New study on Share4Rare: Barefoot-style shoes for children with Epidermolysis bullosa simplex
Epidermolysis bullosa (EB) is a group of rare genetic disorders characterised by extreme skin fragility and mucous membranes, leading to blisters and wounds. It is present from birth and currently has no cure. The only available treatment focuses on preventing complications and relieving symptoms, with special attention to skin care. The most common type is EB simplex (EBS), which is caused by defects in proteins found in the epidermis, the outermost layer of the skin.
A condition with a high impact on daily life
The pain and itching associated with EB have a significant effect on the quality of life of those affected, and the time required for wound care greatly limits the social interactions of these children.
In addition, being able to walk is a key motor milestone for people with EB. Only about a quarter of all children with EB are fully independent when it comes to walking due to pain and blistering.
Can barefoot shoes help improve EB symptoms?
There are currently some general recommendations about suitable footwear for people with EB, but it is difficult to find studies specifically focused on individuals with EBS that show whether this type of shoe truly meets their needs. On the other hand, several families living with EBS who have been using barefoot (also known as minimalist or respectful) footwear exclusively for the past six years have reported improvements in symptoms compared to others with EB who do not use this type of shoe.
In light of this, the DEBRA Butterfly Skin Association (DEBRA Spain) has decided to carry out a study on the use of barefoot shoes in children with EBS. The goal is to generate scientific evidence and offer clear recommendations for those affected by this condition.

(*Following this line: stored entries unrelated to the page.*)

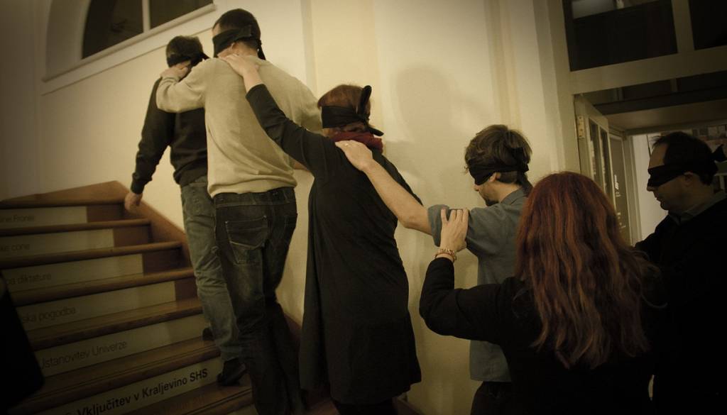 1. Predstava traja od 60 do 70 minut, prvih 45 minut nosite prevezo čez oči.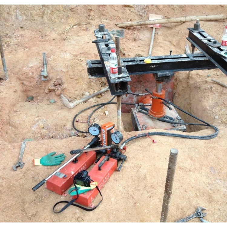 地锚4套,地锚压板2只,反力压板1只,50 cm×50cm×250mm剪切盒一套 ,50吨、80吨液压油缸各一只,手动油泵2台,高压油管4根,压力传感器二只,位移传感器2只,磁性表座2只,自动数据采集仪一台,滚珠盘1只,顶板2块,传力柱1支,等配套件一并配齐。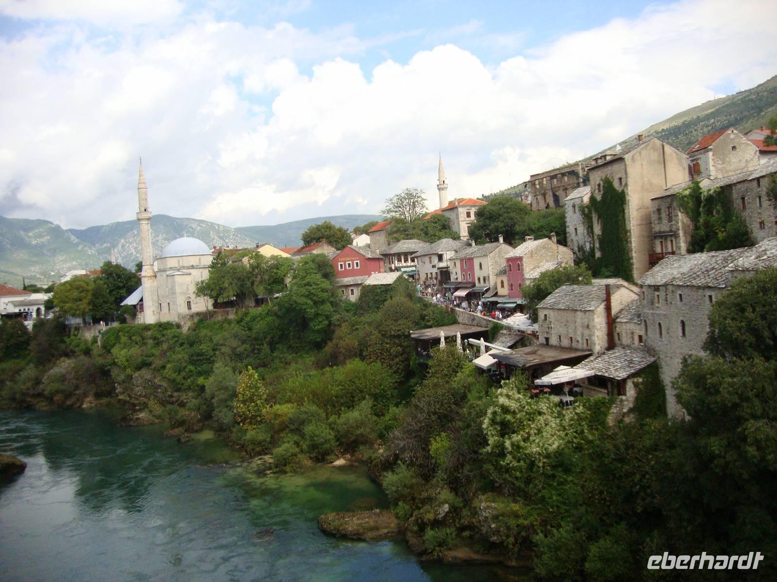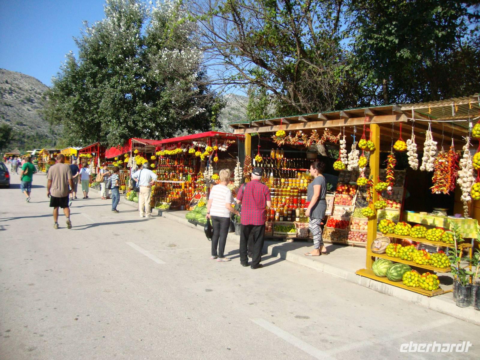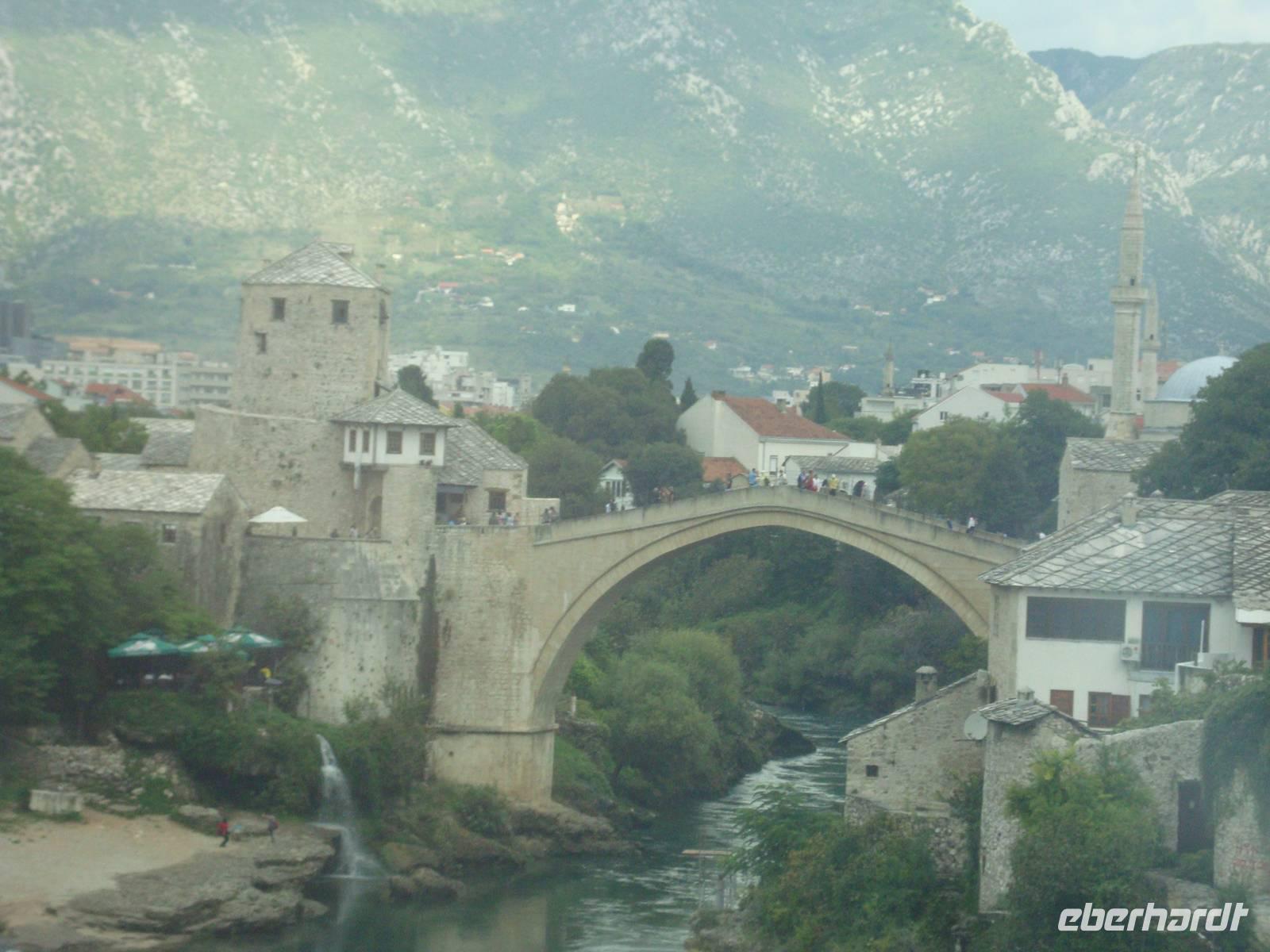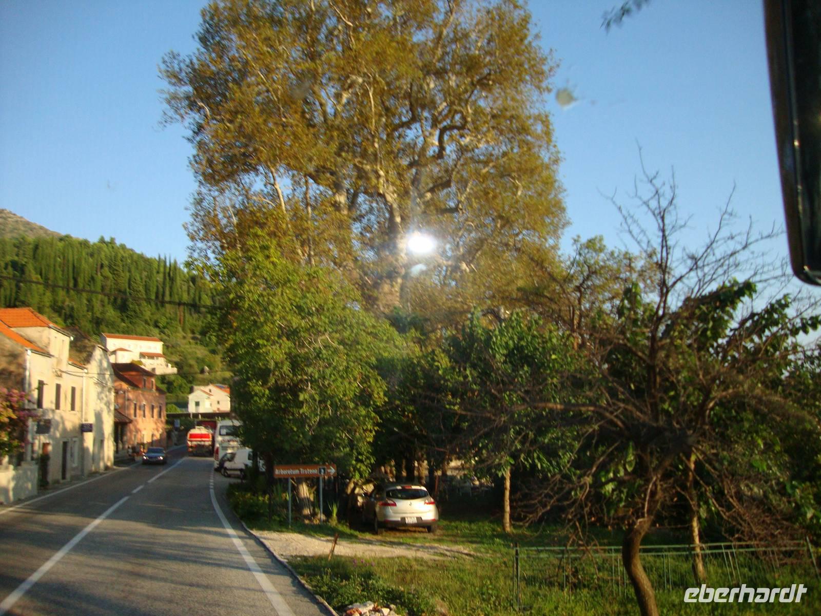 Als wir am Morgen um 08.00 Uhr in Mlini starten, scheint die Sonne wieder, so als hätte es kein Unwetter gegeben. In Neum, am Hotel, machen wir die erste Pause. Bald sind wir in Metkovic und dort haben wir die Grenzformalitäten zur Einreise in die Herzegowina zu erledigen, ich sammle alle Pässe ein und gebe sie zur Kontrolle ab. Dieses Mal ging es recht zügig und wir warteten nur eine halbe Stunde. Am Mittag erreichen wir Mostar. Wahrzeichen der Stadt ist die osmanische Brücke "Stari Most" über die Neretva. 1566 war die 27 m lange Einbogenkonstruktion vom Architekt Mimar Hajrudin errichtet worden - ein Meisterwerk der Ingenieurkunst. 1993 wurde sie zerstört und dann wieder aufgebaut, 2005 in die Weltkulturerbeliste aufgenommen. Alima, unsere Begleiterin, führt uns in die Türkische Moschee und das alte türkische Haus. Die Franziskanerkirche, mit ihrem schlanken Turm erinnert an einen Campanile. Die Zeit vergeht recht schnell, aber es werden auch noch einige Erinnerungsstücke mit genommen. Am Nachmittag sind wir zu Gast in der "Villa Neretva", wo wir mit dalmatinischen Spezialitäten verwöhnt werden. Zur Fahrt an die Makarska - Rivera machen wir noch einen Stop in Opuzen, an den zahlreichen Ständen, an denen die Frauen aus dem Neretva Tal die Produkte, wie Mandarinen oder Olivenöl u.a. anbieten.

Data collection on Share4Rare
The study will take place on the Share4Rare platform over two months: in the first month, participants will wear their usual footwear, and in the second month, they will use barefoot shoes. Through weekly questionnaires, participants will provide information about pain-free walking time, the number of blisters and foot lesions, and other general aspects of their quality of life. Additionally, they will submit weekly photos of their feet. The reported data will then be analysed, comparing the experience with both types of footwear to determine if any improvements are observed.
The people behind the study
Participants: A small group of children with Epidermolysis bullosa simplex whose families are members of DEBRA Butterfly Skin Association.

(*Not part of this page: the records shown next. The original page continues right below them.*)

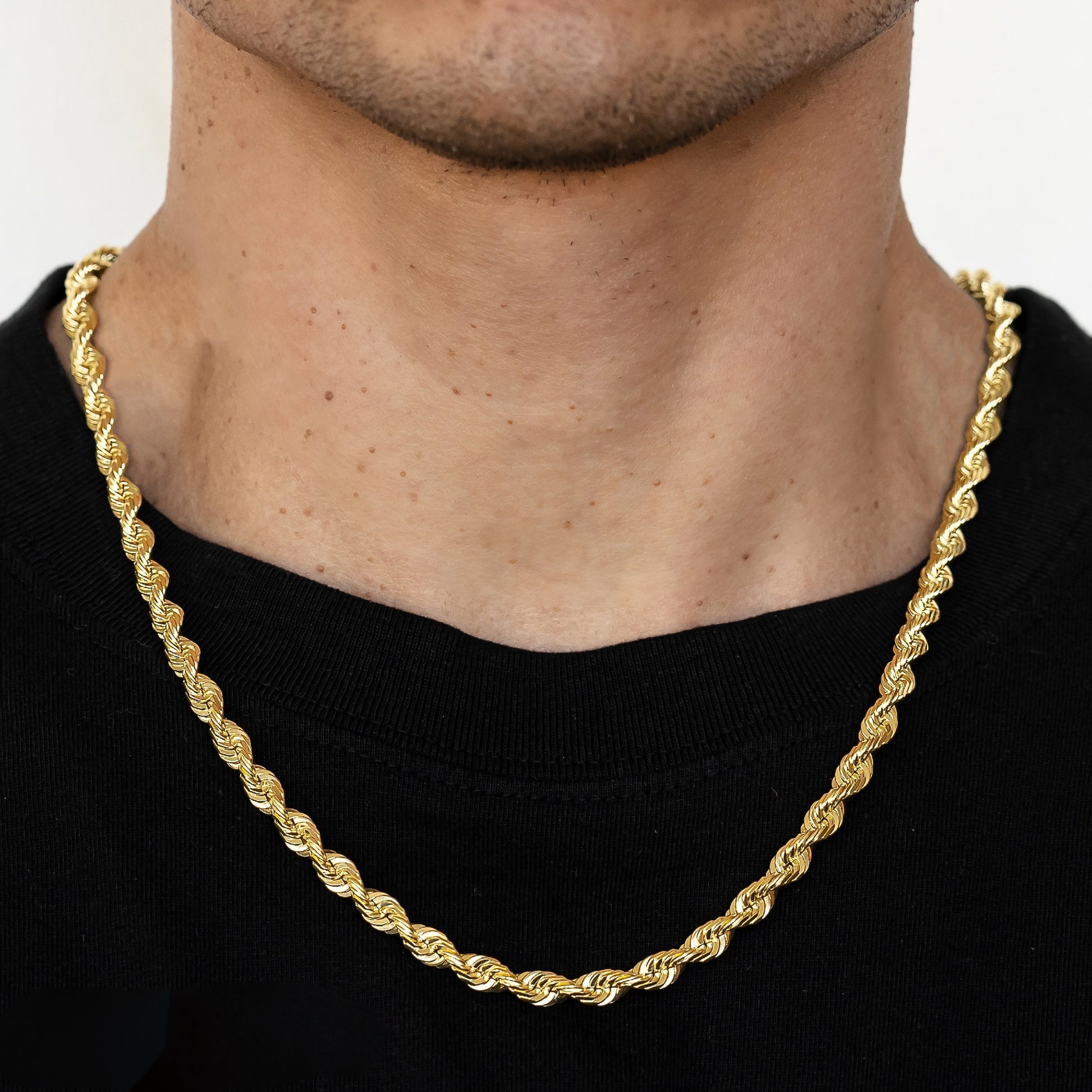 Elevate your style with this luxurious 6mm solid diamond cut rope chain, expertly crafted from 14k gold for a bold yet refined look. Its diamond-cut design enhances the brilliance and shine, catching light from every angle and making it the perfect statement piece. Whether you’re dressing up for a special occasion or adding a touch of elegance to your everyday attire, this rope chain is designed to turn heads.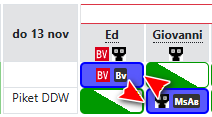 Stap 2.) Druk in het rooster op de dienst die je wilt ruilen.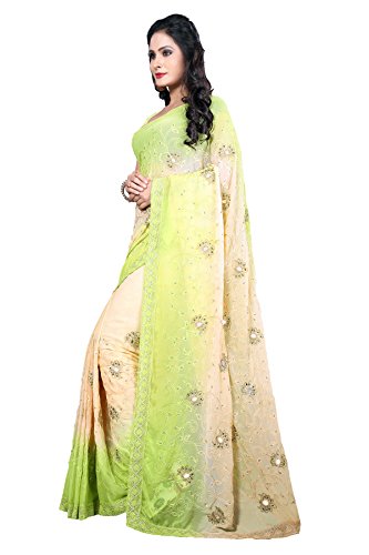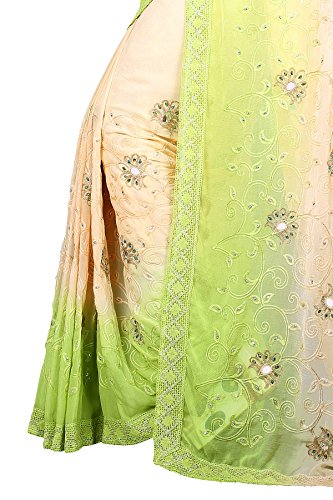 Arsh impex designer embroidered nazneen perrot and beige double color saree with unstitched blouse piece

Led by: DEBRA Butterfly Skin Association.
Financial support: “Fundación Inocente, Inocente" through the 2024 Grants Program for children with rare diseases.
Research team:
Núria Tarrats: Research Lead at DEBRA Butterfly Skin Association.
Natividad Romero: Nurse and Coordinator of the Family Support Team at DEBRA Butterfly Skin Association.
Elena Perona: Nurse, Family Support Team at DEBRA Butterfly Skin Association.
Rocío Maseda: Dermatologist at La Paz University Hospital.
Collaboration:
Caminando Descalzos has provided expertise on barefoot footwear and logistical support and donated barefoot socks.
Wildling has donated the barefoot shoes used in the study.